A few years back I was leading an old friend through my garden, all the while bemoaning my lack of growing space, when he suddenly interrupted me and asked, “Why do people build skyscrapers?” What this had to do with my overcrowded garden, I hadn’t a clue. “So they can cram a lot of people into a place without using up much ground room?” I ventured.

“Exactly. Sort of like your garden, wouldn’t you say? You’ve got acres of unused space — in the air.”

My friend was right. The extra room I needed was literally right in front of my eyes. I started “growing up” and soon found that vertical gardening has many benefits. It increases yields: Most climbing vegetable varieties bear heavier and longer than bush types. By providing better aeration, it can reduce disease. In one study, North Carolina State University researchers found that trellised cucumbers (which also had the bottom foot of foliage pruned) produced much healthier plants, and twice as many fruits, as untrellised vines. Vertical growing also creates cooler microclimates for understory crops.
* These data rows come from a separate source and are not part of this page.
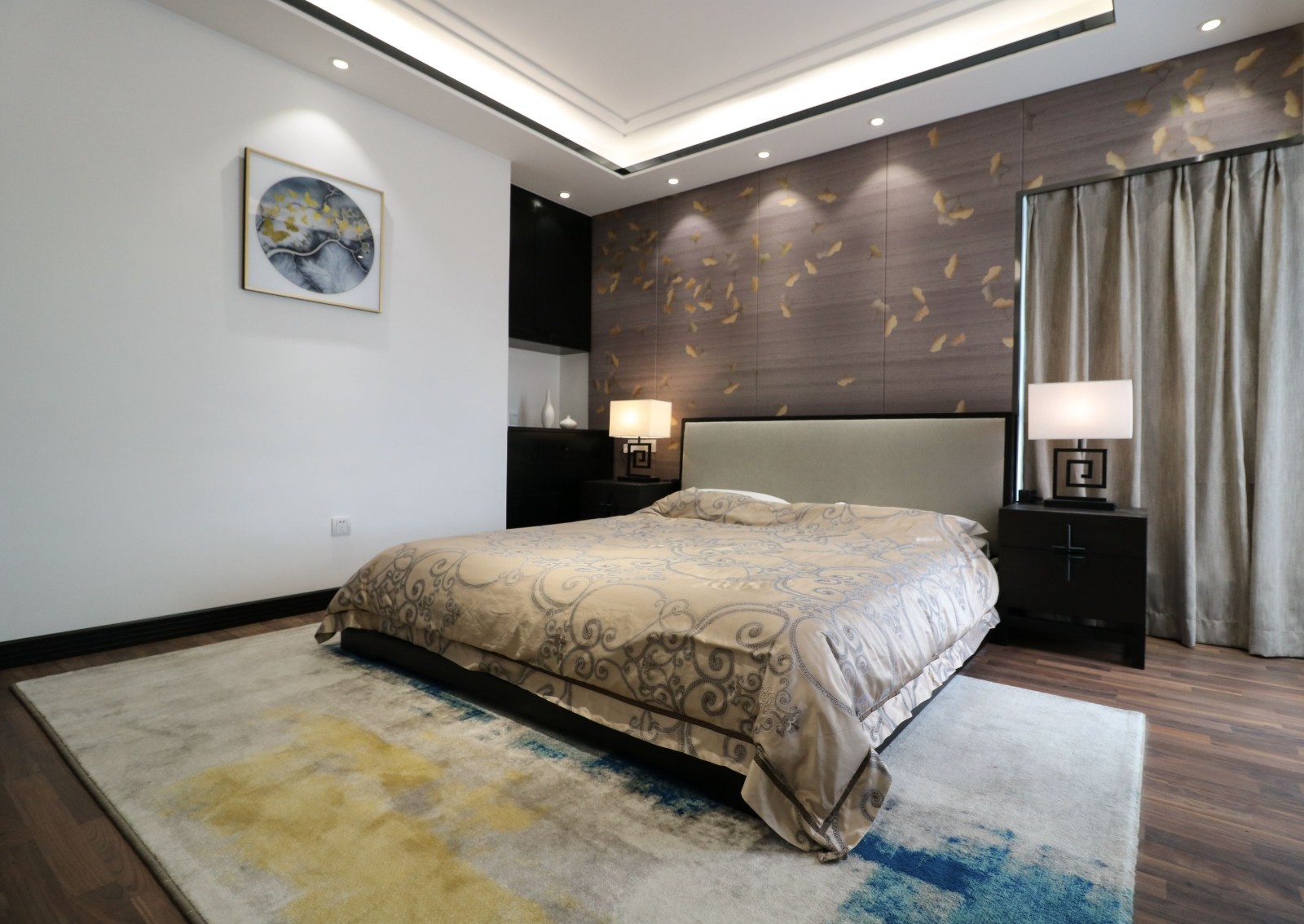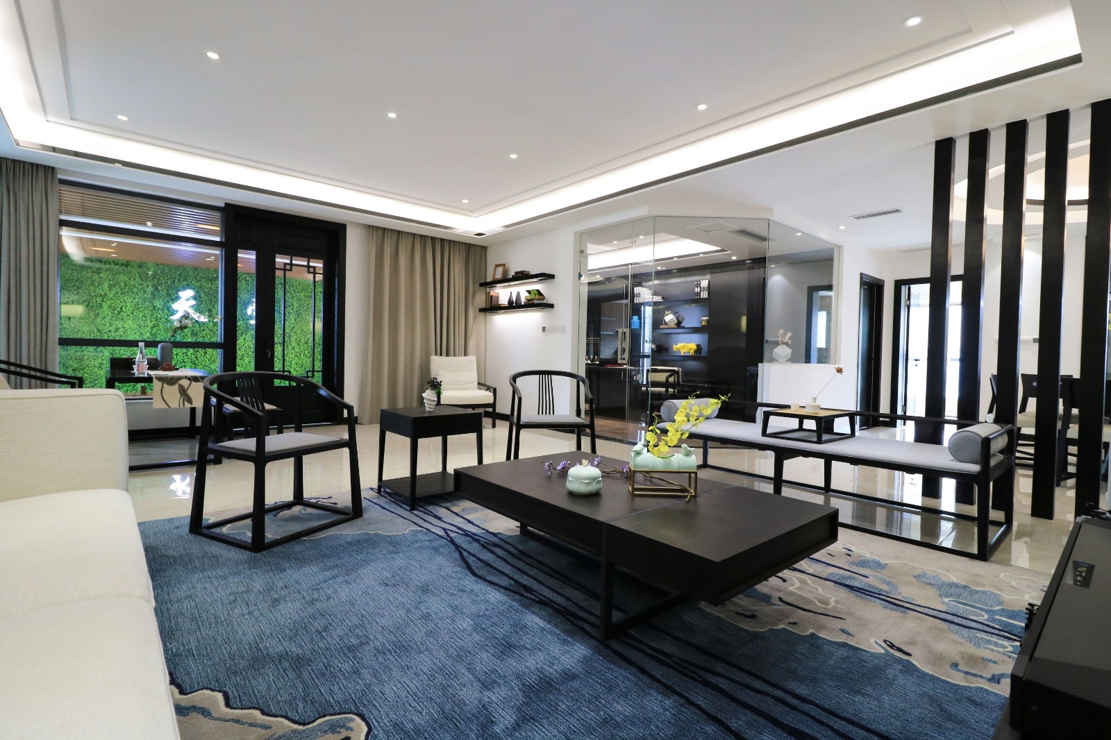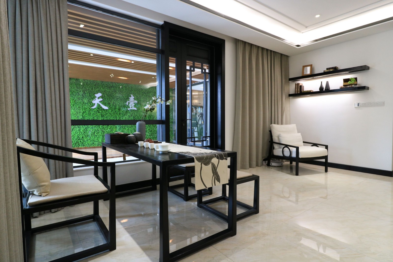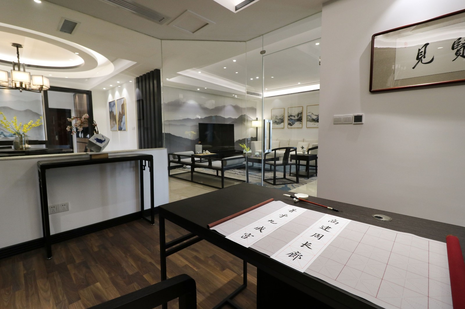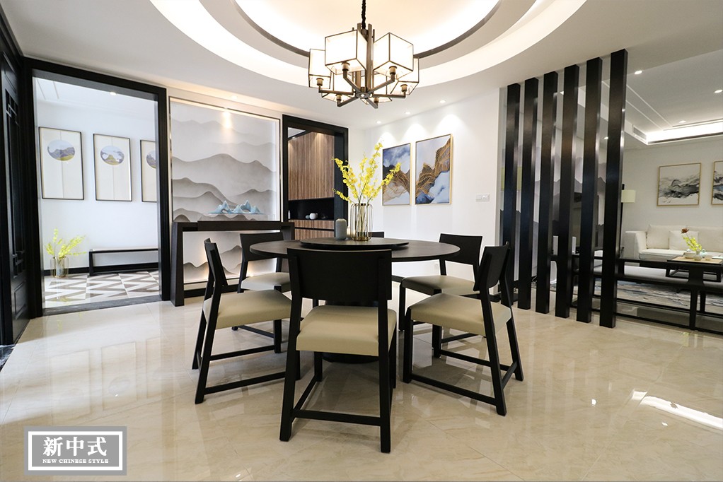 客厅的设计上采用了中式传统的方正、对称式布局,营造出典雅的生活空间。墙面上金属质感的写意装饰,以曲线灵动的美感中和方正空间的板正。灰蓝杂糅的色调点缀其间,为空间中注入一丝的活泼。栅格状的木制装饰营造出明亮的用餐空间。餐厅背景墙面,烟雾朦胧的山间之景,用自然山水的韵律装点空间的雅趣,整个用餐空间清新雅致。
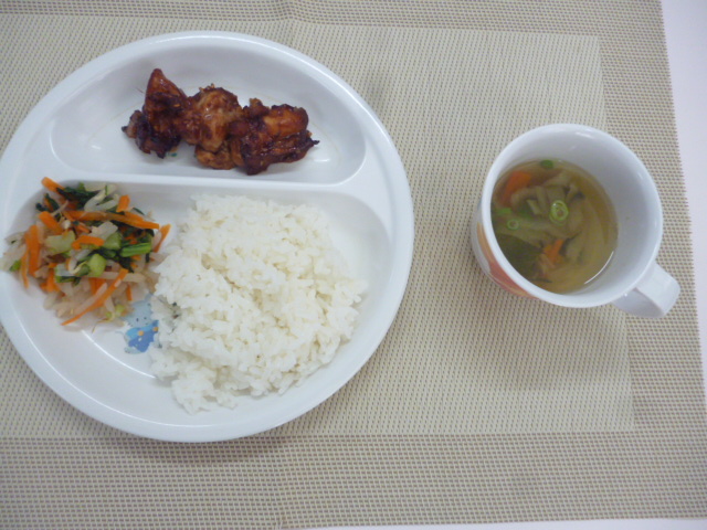 今日の給食は「ごはん」と「鶏肉のごま味噌焼き」と「チンゲン菜のお浸し」と「野菜のすまし汁」
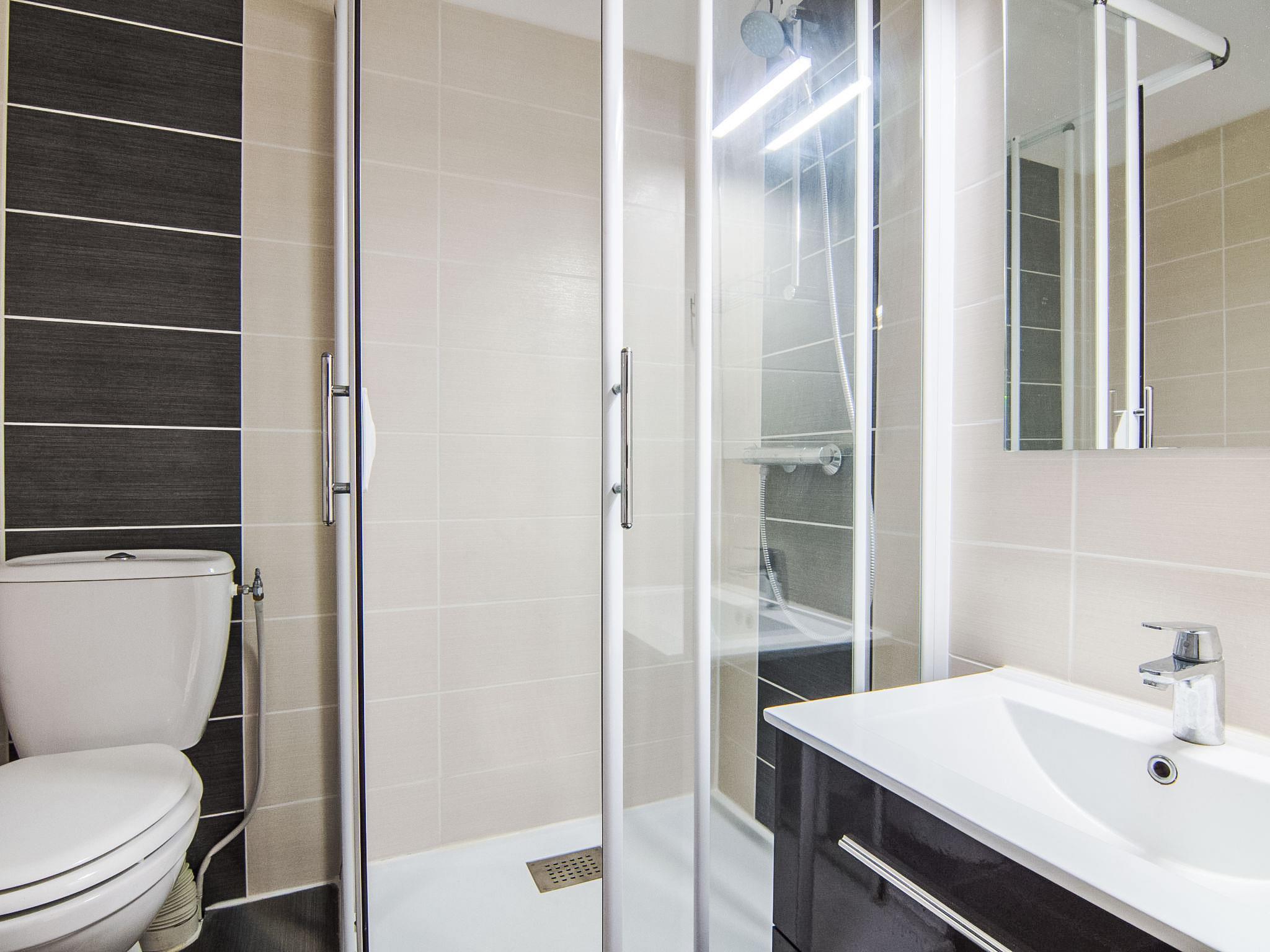 1-room studio 32 m2 on 2 levels on 1st floor. Practical furnishings: living/dining room with 1 double sofabed (1 x 140 cm, length 190 cm), TV (flat screen). Exit to the terrace. Kitchenette (2 hot plates, mini-oven, dishwasher, kettle, microwave, electric coffee machine). Sep. WC. Electric heating. Upper floor: gallery with rooflight with 1 bed (90 cm, length 190 cm), 1 french bed (1 x 140 cm, length 190 cm). Shower/WC. Terrace 7 m2. Terrace furniture. Facilities: washing machine. Internet (WiFi, extra). Please note: apartment street side. Smoke alarm. Instead of an enclosed bedroom, some sleeping areas are located in an open-plan area (gallery, alcove, etc.).

And it adds visual appeal to the overall garden.

One more thing: Most bush varieties were bred from climbing ones, and many growers think the original climbing cultivars have better, old-fashioned flavor. As a seed-saver friend of mine once put it, “Why stoop to pick inferior-tasting peas?”

Of course, short varieties do offer some conveniences. Since those bush beans, dwarf tomatoes and other determinate varieties cease growing at a set height, they’re often able to stand on their own. And they bear all at once rather than over an extended period. But to my mind, the benefits of trellising crops are well worth the efforts.